When Kerberos is enabled on RH 7.5, the ZKFController fails with the following errors:

2019-05-06 06:10:09,974 ERROR client.ZooKeeperSaslClient (ZooKeeperSaslClient.java:createSaslToken(388)) - 
An error: (java.security.PrivilegedActionException: javax.security.sasl.SaslException: GSS initiate failed 
[Caused by GSSException: No valid credentials provided (Mechanism level: Ticket expired (32) - PROCESS_TGS)]) 
occurred when evaluating Zookeeper Quorum Member's  received SASL token. 
Zookeeper Client will go to AUTH_FAILED state.

2019-05-06 06:10:09,974 ERROR zookeeper.ClientCnxn (ClientCnxn.java:run(1059)) - SASL authentication with Zookeeper 
Quorum member failed: javax.security.sasl.SaslException: An error: (java.security.PrivilegedActionException: 
javax.security.sasl.SaslException: GSS initiate failed [Caused by GSSException: No valid credentials provided 
(Mechanism level: Ticket expired (32) - PROCESS_TGS)]) occurred when evaluating Zookeeper Quorum Member's  
received SASL token. Zookeeper Client will go to AUTH_FAILED state.

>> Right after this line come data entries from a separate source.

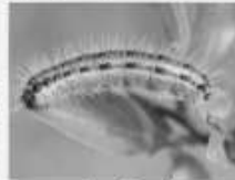
Le Gazé Aporia crataegi

Ces chenilles ne sont pas considérées comme urticantes, malgré la présence de poils ou de soies épineuses sur leur corps. Elles peuvent être manipulées et déplacées à main nue sans problème.
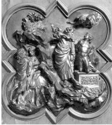
Lorenzo Ghiberti, Le sacrifice d'Abraham , bronze doré, 53,3 x 44,5 cm, Museo Nazionale (Bargello), Florence. Image libre de droits sur :

on l'aurait laissé libre de déterminer à sa guise le programme et le style de cette troisième porte. C'est lui qui aurait décidé de réduire à dix le nombre des compartiments 14 .
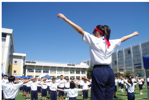
プログラムNo.1 準備体操

しかし今、本校が生徒たちに求めているのは、「主体的」な態度です。これは、前号でもお伝えしたとおり日本では新しい考え方で、前述の「自主的」とは、似て非なるものです。この二つの態度は何が、どう違うのでしょうか。
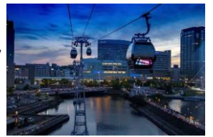
YOKOHAMA AIR CABIN

（EX旅先予約「みなとみらいを空から満喫！YOKOHAMA AIR CABIN+大観覧車」をご購入ください。）
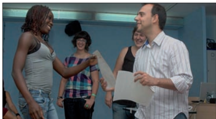
Una de las participantes recoge su diploma de manos del alcalde

Este taller tenía un doble objetivo. "Por un lado, parte de la mañana se dedicaba a apoyo escolar para que los participantes repasaran las materias en las que necesitaban mejorar. Por el otro, también se potenciaba su tiempo de ocio organizando diferentes actividades como manualidades o juegos", explica la responsable municipal del área.
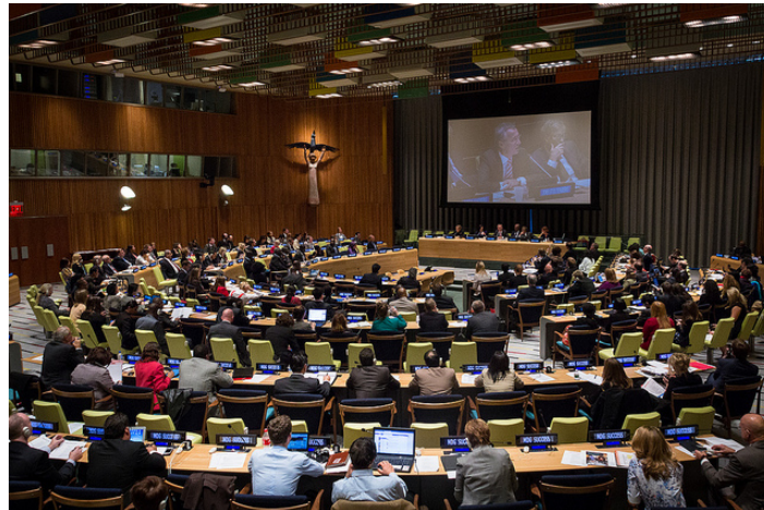
Reunión durante la celebración de la Asamblea General de la ONU, septiembre de 2013

El debate está servido. La ONU actualmente estima que la población está mejor alimentada que hace 40 años. En esa fecha el consumo de calorías era de 2.360 por persona y día, mientras que hoy esa cifra se ha elevado a 2.740 calorías. Según los expertos, son necesarias unas 2.400 calorías/día. Pero estos cálculos son estimaciones medias, y no debemos olvidar que gran parte de la población mundial consume menos de 2.000 calorías/día.
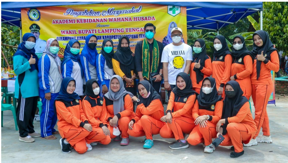
Gambar 5. Pembagian hadiah dan foto bersama dengan panitia pelaksana kegiatan pengabdian kepada masyarakat.

Dalam kegiatan ini, para pelaksana kegiatan mendapati beberapa factor pendukung dan factor penghambat. Factor pendukung dari kegiatan ini diantaranya adalah, semangat dari para panitia kegiatan pengabdian kepada masyarakat khususnya dari team dosen dan mahasiswa, dukungan penuh dari Wakil Bupati Lampung Tengah dan Mengkhanai Lampung Tengah, dukungan dari ketua PAKARE secara langsung yang ikut berkecimpung dalam pelaksanaan kegiatan dan antusias peserta yang begitu semangat dalam mengikuti kegiatan yang dilaksanakan oleh Akademi Kebidanan Wahana Husada Bandar Jaya. Factor penghambat dari kegiatan ini seperti beberapa pengunjung yang tidak berkenan mengikuti senam, dan ada beberapa peserta yang kurang semangat dalam mengikuti senam. Walaupun ada factor pendukung dan penghambat dari berlangsungnya kegiatan ini, secara keseluruhan kegiatan berjalan dengan lancar dan masyarakat mendapat manfaat dari kegiatan ini.
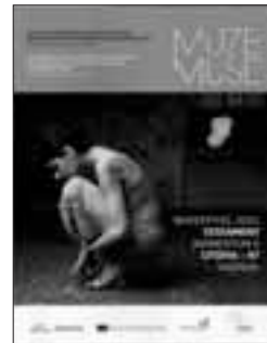
MuzeMuse. Magazine du réseau transfrontalier pour la promotion de la musique classique et contemporaine n° 1 février 2011.

Rien de plus sérieux que cette publication semestrielle, malgré son titre. En octobre 2010, trois organisations culturelles du Nord-Pas-de-Calais (l'Opéra de Lille, le Théâtre d'Arras et l'Orchestre national de Lille) et quatre de la Flandre occidentale (le Concertgebouw Brugge, le Festival van Vlaanderen Kortrijk, le MAfestival Brugge et le Cultuurcentrum Kortrijk), créaient MuzeMuse, un réseau transfrontalier pour la promotion et le développement de la musique classique et contemporaine.
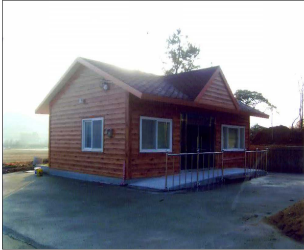
● 소보면 도산1리
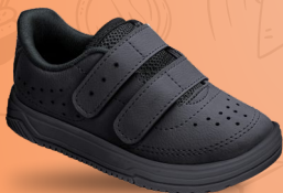
KIDY HAPPY 313-4001-0007 22 al 27 BR 23 al 28 AL
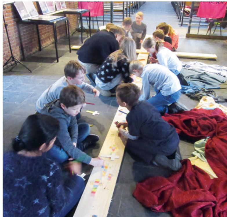
Eine Stunde vor dem Lockdown der Schulen

Einschulungskindern, mit dem Wunsch zu feiern und Gemeinschaft zu haben. Keiner kann sagen, wie das neue Schuljahr wird.
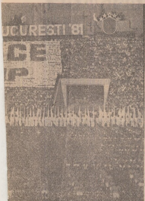
Delegația Republicii Socialiste România, în timpul defilării de ieri.

al al ce- erii Jocu- une, sute iau zborul vestind rile mon- vară 1981
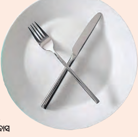
ବିଭିନ୍ନ ପର୍ଯ୍ୟବର୍ତ୍ତନରେ ମହିଳାମାନେ ଉପବାସ

ରଖିଥାନ୍ତି । ସାଧାରଣତଃ ଉପବାସକୁ ଭକ୍ତିଭାବ ସହ ଯୋଡ଼ା ଯାଇଥାଏ । ତେବେ ଉପବାସ ଦ୍ୱାରା ଓକନ ହାସ ପାଇଥାଏ ବୋଲି କିଛି ଲୋକ ମନେ କରିଥାନ୍ତି । ବିଜ୍ଞାନ ଓ ଆଧ୍ୟାତ୍ମିକ ଦୃଷ୍ଟିରୁ ଉପବାସ କରିବା ସ୍ୱାସ୍ଥ୍ୟପକ୍ଷେ ଭଲ ବୋଲି କୁହାଯାଏ । କିନ୍ତୁ ଉପବାସ ସମୟରେ ଏମିତି କିଛି ଖାଦ୍ୟପେୟ ରହିଛି, ଯାହାକୁ ଖାଇବା ଦ୍ୱାରା ଗ୍ୟାସ୍, ଏସିଡିଟି, ପୁଣ୍ଡୁରିକା, ବାନ୍ତି ଆଦି ସମସ୍ୟା ଦେଖାଯାଏ । ତେବେ ତାଳକୁ ଜାଣିବା, ଉପବାସ ସମୟରେ କେଉଁସବୁ ଖାଦ୍ୟ ଶରୀର ପକ୍ଷେ ହାନିକାରକ ହୋଇଥାଏ ।
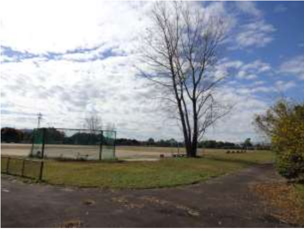
多目的スポーツ広場前を通過
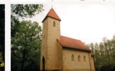
Velemér Szentháromság templom
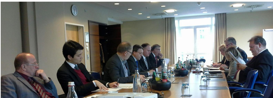
Verhandlungskommissionen mit Vertretern der BwFPS GmbH

Für jeden Betriebsrat sind jeweils neun Mandatsträger und zwei Freistellungen vorgesehen. Der Tarifvertrag tritt mit Unterzeichnung in Kraft, diese wird voraussichtlich noch im März vollzogen. Die nächsten Betriebsratswahlen finden einheitlich für alle Betriebsräte in der 21. Kalenderwoche 2018 statt.
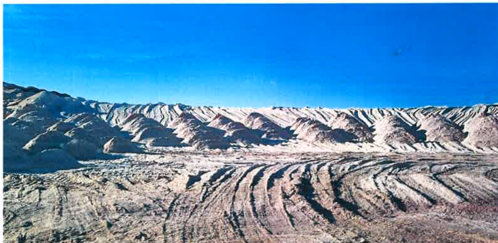
Рисунок 5. Размещение отходов от переработки древесины при реализации ПИП ООО «Группа компаний «УЛК»

Как следствие, продолжает оставаться актуальной проблема накопления отходов лесопереработки. Отсутствие действенных механизмов по их утилизации влечет масштабное увеличение отходов производства и, следовательно, серьезные экологические последствия (неутилизированные отходы влекут риск возникновения пожаров и являются источником выбросов углекислого газа).
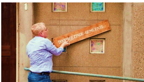
Het afnemen van ons naambord
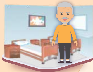
居於護理院舍的人士
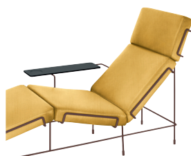
Frame: Sepia Brown 5016 Fabric: Yellow F-578 (453) Tablet: Anthracite Grey
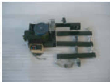
その他セット内容
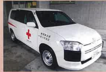
災害救護用自動車

また、市町への支援として発災時に避難所の状況確認やニーズを調整する職員派遣のための災害救護用自動車や、被災者へ迅速に救援物資をお届けするための救護用倉庫を更新します。
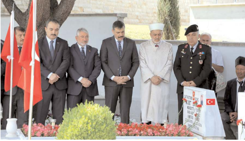
Protokol üyeleri 15 Temmuz'un yıl dönümünde Şehitliği ziyaret etti.
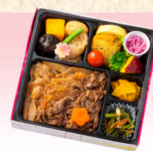
No.938 牛めし幕の内弁当 19.5×19.5cm 税込 1,540 円 (本体価格 1,400 円)
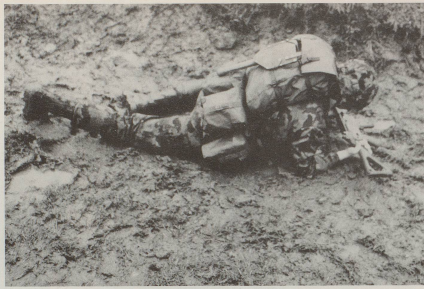
... durch den Dreck ziehen. Im Gegenteil: Wir sind überzeugt davon, ...
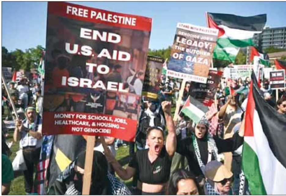
Người biểu tình kêu gọi Mỹ dừng cung cấp viện trợ cho Israel tại Union Park (Mỹ).
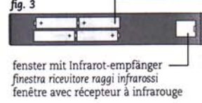
fig. 3 fenster mit Infrarot-empfänger / finestra ricevitore raggi infrarossi / fenêtre avec récepteur à infrarouge fig. 4 deckel batteriefach, zum auswechseln der batterien (4 batterien AAA 1,5 V) copertura vano batterie (4 batterie AAA 1,5 V) ventana con receptor de infrarrojos / tapa para el recambio de pilas (4 pilas AAA 1,5 V)
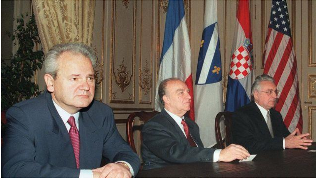
Figura 3. Milošević, Izetbegović y Tuđman en París, tras firmar los Acuerdos de Dayton en 1995.
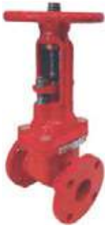
VÁLVULA CORTINA HD FLANCHADA UL/FM
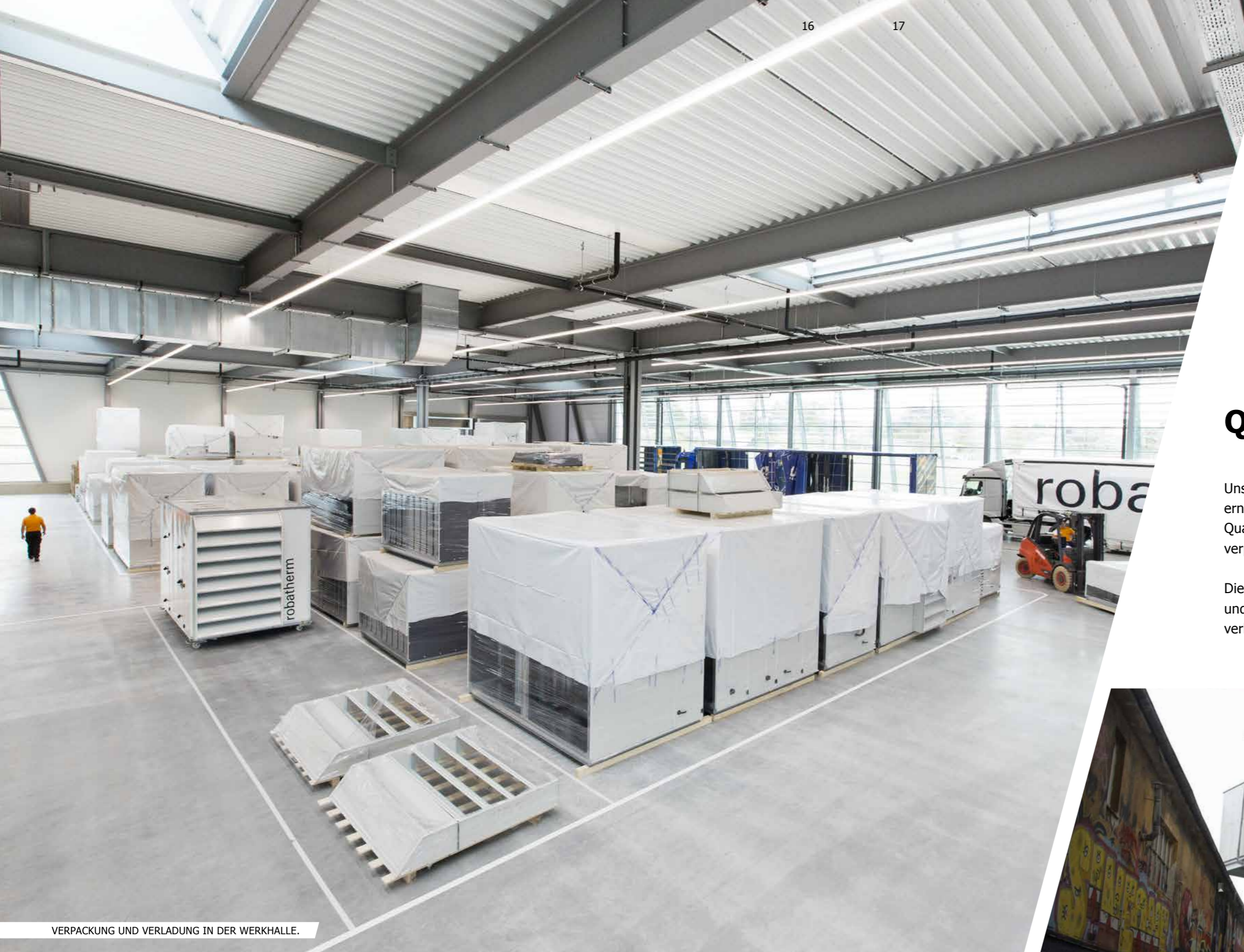
VERPACKUNG UND VERLADUNG IN DER WERKHALLE.
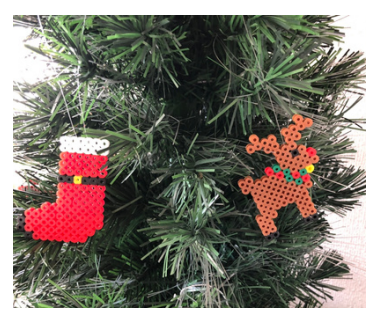
赤鼻トナカイと 赤いブーツ
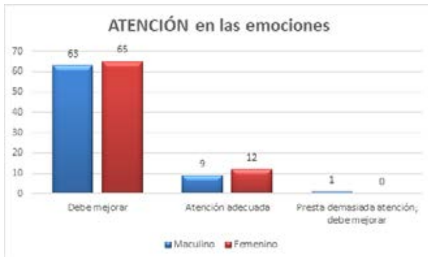
Figura 2. Gráfica que muestra el número de alumnos en la Atención que prestan a sus emociones con respecto al género.

El 14% tiene una atención adecuada de sus emociones, en su mayoría son mujeres con un 57.1% y 42.9% son hombres. Solamente 0.7%, siendo este un hombre, presenta demasiada atención, lo cual es también un problema.
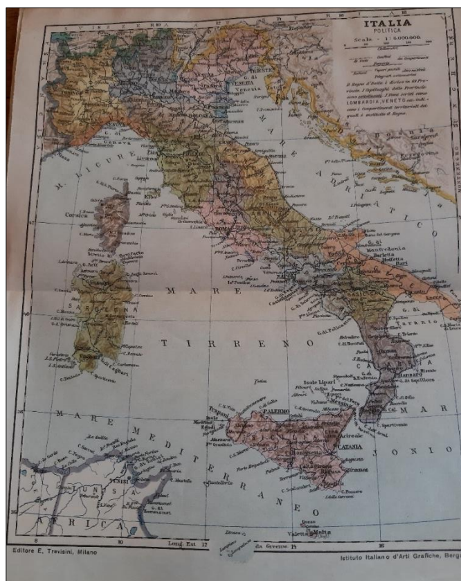
Figura 3 - Mapa da Itália

A terceira seção do livro é dedicada às noções de Geografia. O autor organiza o texto em torno de duas temáticas, uma bastante geral sobre corpos celestes, suas formas, grandeza; movimentos da terra, pontos cardeais, cartas topográficas; e uma segunda temática, voltada à Itália, suas características geográficas, como montanhas, mares, rios, lagos, golfos, ilhas, canais, vulcões etc; suas fronteiras; a organização político-administrativa em regiões; os produtos naturais, animais e minerais, a indústria e o comércio. Nas duas últimas páginas do livro tem um mapa colorido da Itália (figura 2), que provavelmente era utilizado para facilitar a compreensão das temáticas dessa seção.
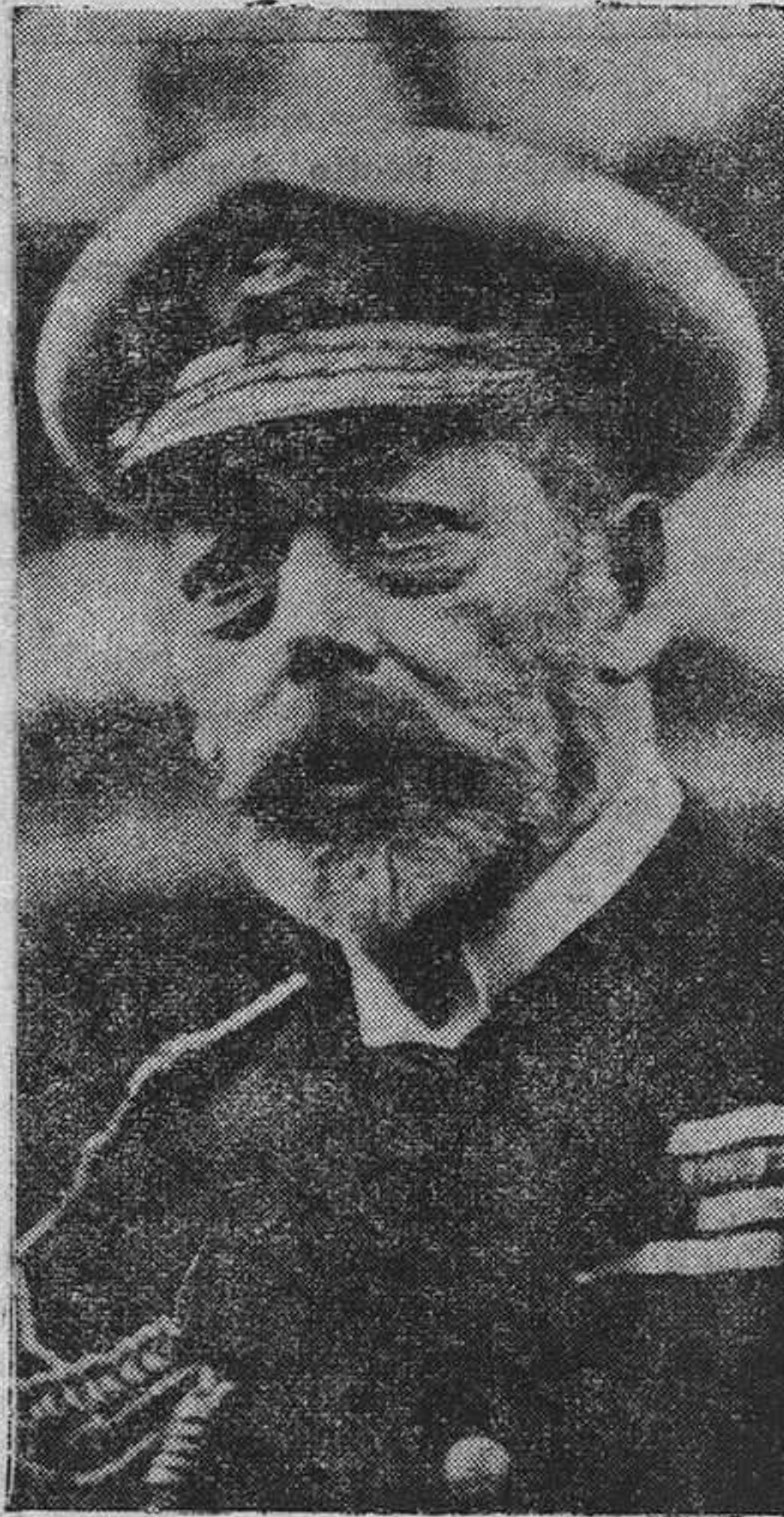
El Rey Jorge de Inglaterra, que se encuentra nuevamente enfermo.

En Oviedo: Posada Herrera, Restaurant Fierro. Teléfono 25-40. En Gijón: Alvarez Garaya y Langreo, 22, La Higiene. Teléfono -- 712 --
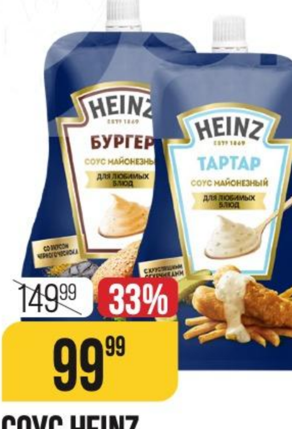
СОУС HEINZ майонезный, в ассортименте, 200 г 177545/177543
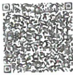
本证书年检二维码

本证书经检验合格，继续有效一年。 This certificate is valid for another year after this renewal.
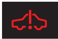
ハイブリッドシステム異常警告灯
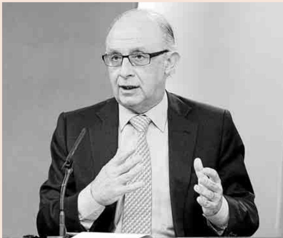
Cristóbal Montoro, ministro de Hacienda.

que el Gobierno quiere que la contratación de servicios domésticos desgrave en el IRPF para incentivar el aflujo de economía sumergida. Esta medida, que llevaría a empleadas del hogar, médicos a domicilio, cuidadores, fontaneros, pintores o albañiles a utilizar factura se enmarcaría dentro del plan de Hacienda de mejoras en la tributación
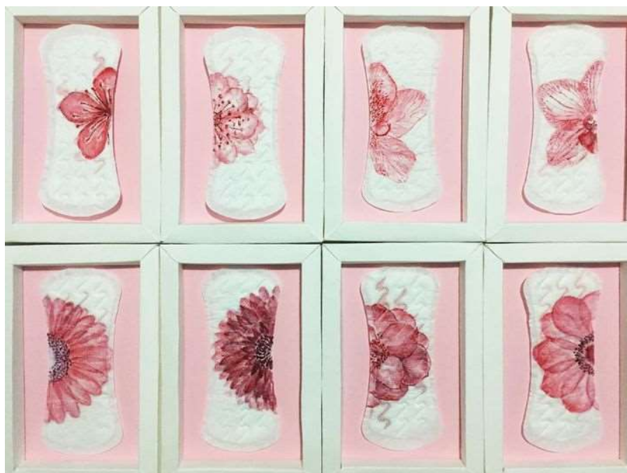
Figura 11. COCORO. El arte menstrual es cada vez más común.

Además de las artistas mencionadas, encontramos la presencia de variados colectivos y proyectos artísticos dedicados al arte menstrual, como el "Menstrual Art Project" y el "Museo de la Menstruación y la Salud de la Mujer". Estos espacios brindan plataformas para la creación y exhibición de obras de arte menstrual, así como para la educación y el diálogo sobre la Menstruación.
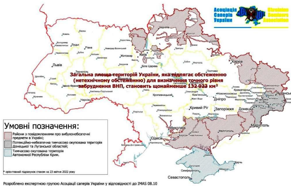
Рис. 1. Потенційно-небезпечні території України, які можуть містити ВНП, як наслідок широкомасштабної агресії з боку рф, на яких існує нагальна потреба у проведенні гуманітарного розмінування

За попередніми оцінками ДСНС України загальна площа територій, що підлягають обстеженню на наявність ВНП та розмінуванню складає близько 300 тис. км 2 , а за підрахунками неурядової організації – Асоціації саперів України – ці території (станом на квітень 2022 року) склали понад 132 тис. км 2 рис. 1.
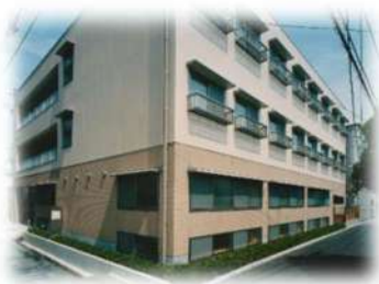
■グループホーム旭町

2019-05-06 06:10:10,081 ERROR ha.ActiveStandbyElector (ActiveStandbyElector.java:fatalError(719)) - 
Unexpected Zookeeper watch event state: AuthFailed

2019-05-06 06:10:10,081 ERROR ha.ZKFailoverController (ZKFailoverController.java:fatalError(379)) - 
Fatal error occurred:Unexpected Zookeeper watch event state: AuthFailed

2019-05-06 06:10:10,081 FATAL tools.DFSZKFailoverController (DFSZKFailoverController.java:main(197)) - 
DFSZKFailOverController exiting due to earlier exception java.io.IOException: 
Couldn't determine existence of znode '/hadoop-ha/nn'

2019-05-06 06:10:10,083 INFO  util.ExitUtil (ExitUtil.java:terminate(210)) - Exiting with status 1: 
java.io.IOException: Couldn't determine existence of znode '/hadoop-ha/nn'

2019-05-06 06:10:10,085 INFO  tools.DFSZKFailoverController (LogAdapter.java:info(49)) - SHUTDOWN_MSG:
/************************************************************
SHUTDOWN_MSG: Shutting down DFSZKFailoverController at dn01-dat.gpfs.net/30.1.1.15
************************************************************/

Solution:

The default KDC version on RHEL7.5 has a known bug. You need to upgrade the krb-server packages to 1.1.15.1-19 + version.

Steps:

Check the installed version of krb on all the hosts.
```
# yum list installed | grep krb
```

Stop Kerberos.

# systemctl stop krb5kdc
# systemctl stop kadmin

Upgrade krb-server, libs and workstation to 1.15.1-19 on the ambari-server and all the ambari-agent nodes.

For example:

# rpm -Uvh krb5-workstation-1.15.1-19.el7.ppc64le.rpm krb5-libs-1.15.1-19.el7.ppc64le.rpm 
libkadm5-1.15.1-19.el7.ppc64le.rpm

Start Kerberos.

# systemctl start krb5kdc
# systemctl start kadmin

Restart Ambari server.
```
# Ambari-server restart
```
Restart ZKFController in Ambari.

For additional information, see 2nd generation HDFS Protocol troubleshooting DataNode reports exceptions after Kerberos is enabled on RHEL7.5.

Yarn Timeline Service 2.0 fails to start.
In HDP 3.0: The Timeline Service 2.0 in Yarn fails to start.
Solution:
There is a new implementation of Timeline service in HDP 3.0 named Timeline Service 2.0. It can run in 2 modes (Embedded mode or System service mode) depending on the cluster capacity. To check which mode is being set, filter the search for is_hbase_system_service_launch under YARN configuration. If this value is checked, it is running in the system service mode. If it is running in the system service mode, follow the set of best practices from the Enable System Service Mode.
The following important steps should be performed after Integrating/UnIntegrating the IBM Spectrum Scale service and Enabling/Disabling Kerberos: Remove ats-hbase before switching between clusters.
If you get the ERROR client.ApiServiceClient: Failed to destroy service ats-hbase, because it is still running error above, perform the following steps:
1. Check the status of the ats-hbase service by executing the following command:
```
yarn app -status ats-hbase
```
2. If the state is STOPPED, then perform the following steps:
  Get the application_ID from the ResourceManager UI in the Ambari GUI and run:
```
yarn -kill -appId <application_ID> 
yarn app -destroy ats-hbase
```
  Might need to remove the /<gpfs.mnt.dir value>/<gpfs.data.dir value>/user/yarn-ats/{stack-version} directory.
  For example,
```
rm -rf /gpfs/datadir_1/user/yarn-ats/{stack-version}
```
3. Run all the service checks to ensure that all the services are successful.